Rupiah Falls to Weakest Since June 2009 After Reserves Decline

Indonesia’s rupiah touched a four-year low after the nation’s foreign-exchange reserves fell for a third month, reducing the scope for the central bank to support the currency. Government bonds dropped for a fourth day.

Reserves declined $5.4 billion to $92.7 billion last month, the least since October 2010, Bank Indonesia reported late yesterday. The monetary authority will hold its benchmark rate at 6.5 percent today, according to 16 of 25 economists surveyed by Bloomberg.
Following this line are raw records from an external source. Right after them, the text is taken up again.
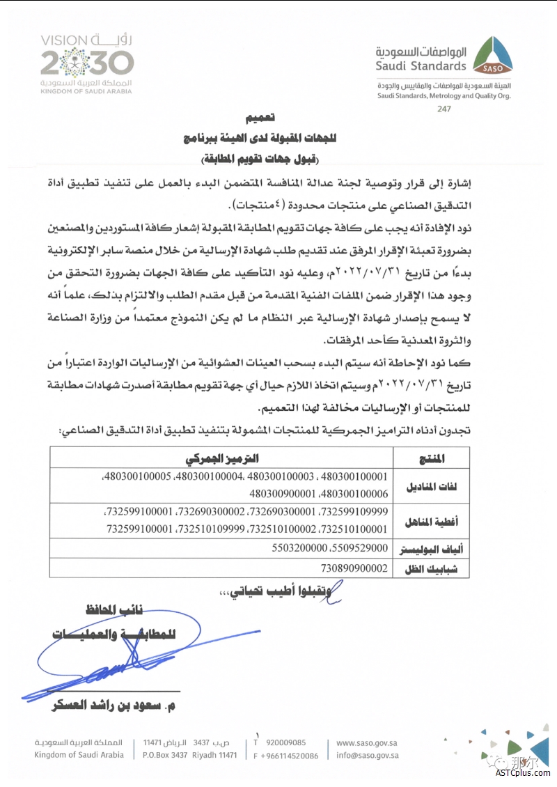 Referring to SASO’s latest announcement, starting from 31st of July once applying for a shipment certificate for any of the below HS code, the attached declaration should be provided (signed and stamped by Ministry of Industry and Mineral Resources) and we will not be able to accept any shipment request without it , Thank you.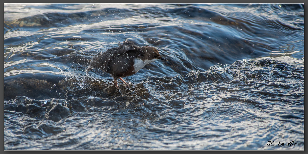 A la sortie d'une phase de pêche en apnée dans les eaux vives et tumultueuese du ruisseau, le Cincle (Cinclus cinclus) s'envole à grande vitesse au ras de l'eau et part exploiter une autre portion de son territoire.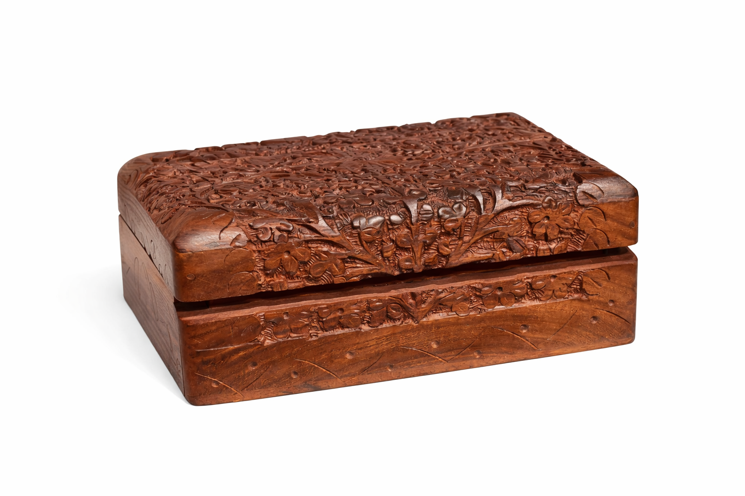 Esta caja de madera tallada a mano en palo de rosa es una pieza de elegancia artesanal. Con unas medidas de 20 cm de largo, 12.5 cm de ancho y 6.4 cm de alto, combina la robustez de la madera con la delicadeza de su tallado. El palo de rosa, conocido por su grano distintivo y tonos cálidos, resalta en cada detalle de esta caja. Es perfecta para guardar joyas o pequeños tesoros, añadiendo un toque de refinamiento a cualquier espacio. Esta pieza no solo ofrece funcionalidad, sino que también es un testimonio de la habilidad artesanal, ideal tanto como regalo especial como para complementar la decoración de cualquier hogar con su belleza natural y su diseño único.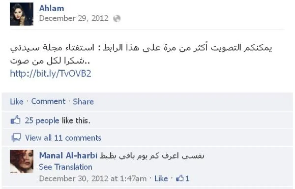 فقد قامت أحلام بدعوة محبيها إلى التصويت لها في استفتاء "سيدتي نت"، وكثفت دعوتها بتذكير محبيها بضرورة التصويت مرة كل "ساعة"، وبدت صفحة أحلام الرسمية مشتعلة بالدعوة للتصويت لها، وهو ما أهلها للتقدّم من المركز الأخير إلى المركز الثالث.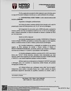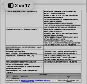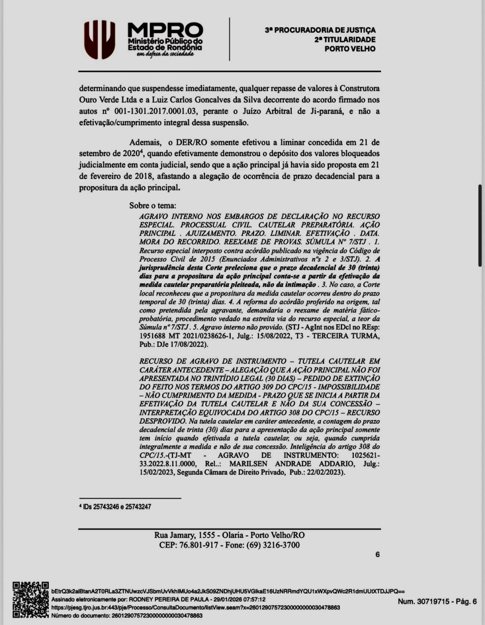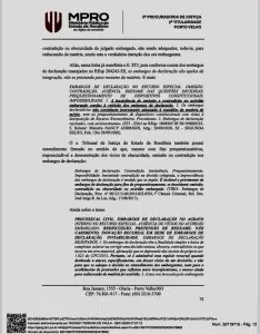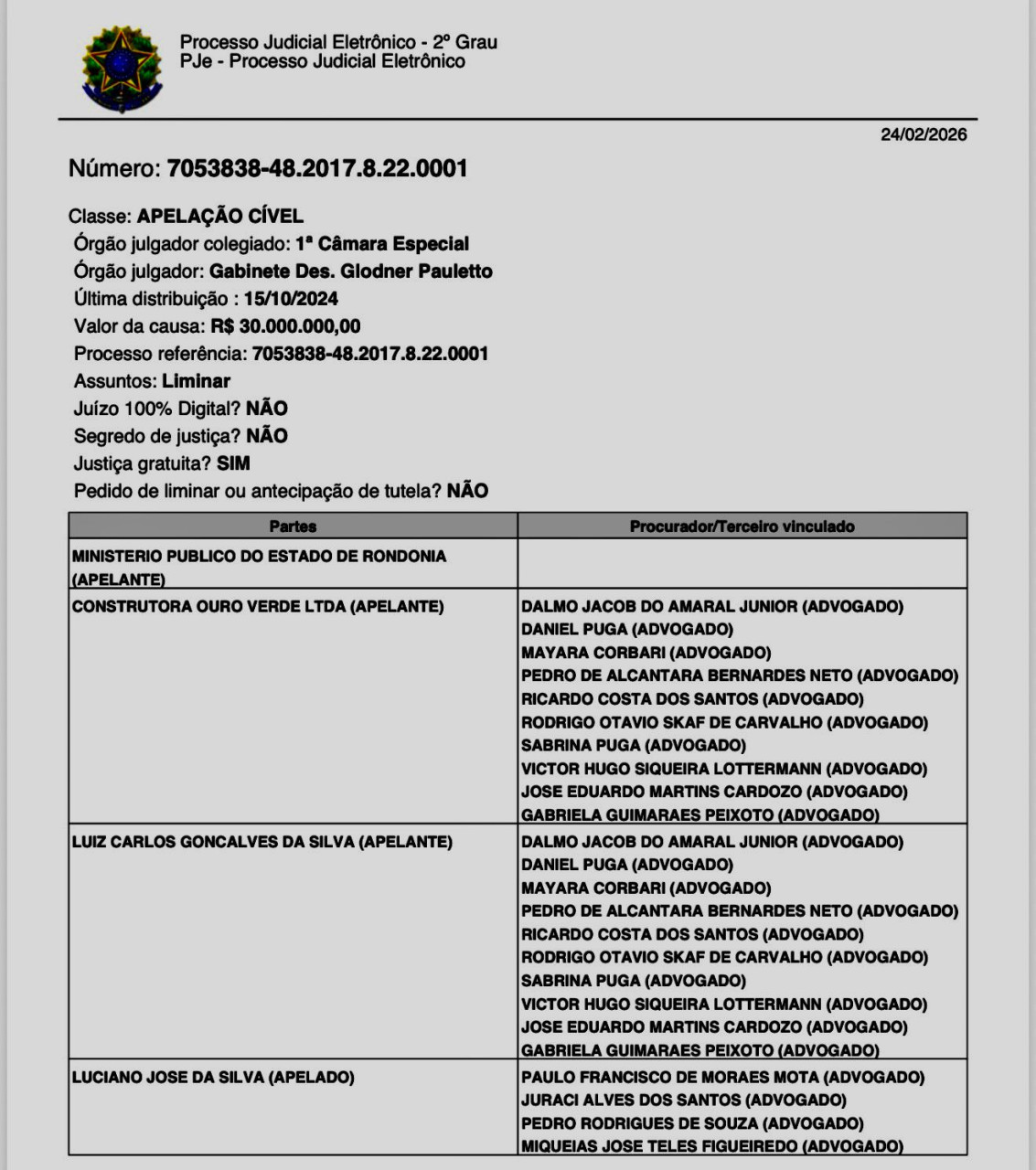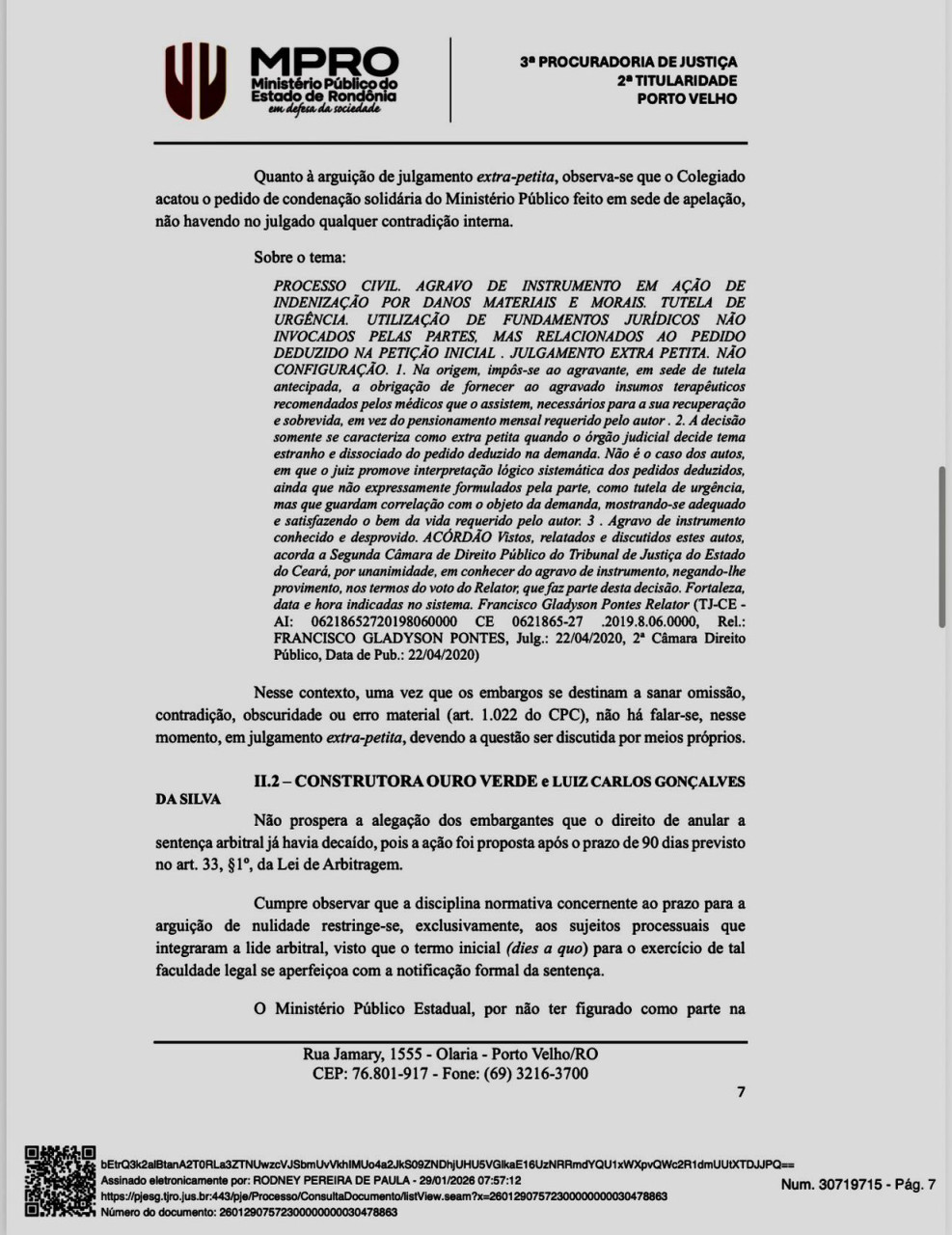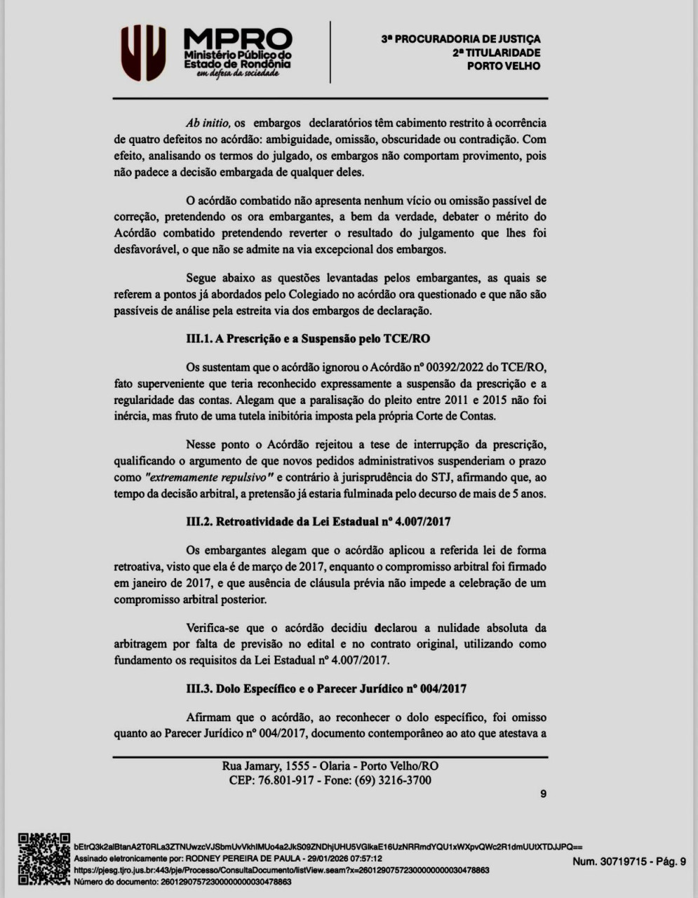 O Ministério Público do Estado de Rondônia apresentou parecer pela rejeição dos embargos de declaração (uma espécie de recurso) interpostos, entre outros, pelo deputado estadual Isequiel Neiva de Carvalho, conhecido politicamente como Ezequiel Neiva (União Brasil), no processo nº 7053838-48.2017.8.22.0001, em análise na 1ª Câmara Especial do Tribunal de Justiça de Rondônia (TJRO). A manifestação consta no parecer nº 881/2026 da 3ª Procuradoria de Justiça.

Seven forecast a 25 basis point rise and two see a 50 basis point increase.

“There is no strong reason to drive a rebound in the rupiah,” said Fahrudin Haris Prastowo, a fixed-income trader at PT Bank Rakyat Indonesia in Jakarta. “Bank Indonesia has allowed the currency to weaken and trade more in line with market mechanics as it can’t afford to deplete the reserves (IDGFA) further.”

The rupiah declined 0.2 percent to 10,313 per dollar as of 9:22 a.m. in Jakarta, according to prices from local banks. The currency reached 10,315 earlier, the weakest level since June 2009, and has lost 3.8 percent this quarter. The spot rate traded at a 1.4 percent premium to the one-month non-deliverable forwards, which advanced 0.1 percent to 10,453, data compiled by Bloomberg show.

A fixing by the Association of Banks in Singapore used to settle the derivative contracts was set at 10,321 yesterday. One-month implied volatility, a measure of expected moves in the exchange rate used to price options, climbed 22 basis points to 11.55 percent, according to data compiled by Bloomberg.

Bonds Drop

Bank Indonesia will ensure currency stability and won’t keep the rupiah at a certain level, Governor Agus Martowardojo said Aug. 12. Consumer prices gained 8.6 percent in July from a year earlier, the most since February 2009, official data show.

“The main reason for Bank Indonesia to raise rates is inflation, but after the forex data this will be an additional factor,” said Eric Alexander Sugandi, economist at Standard Chartered Plc in Jakarta.

The yield on government bonds due May 2023 rose four basis points, or 0.04 percentage point, to 7.94 percent, the highest level since July 30, data from the Inter Dealer Market Association show.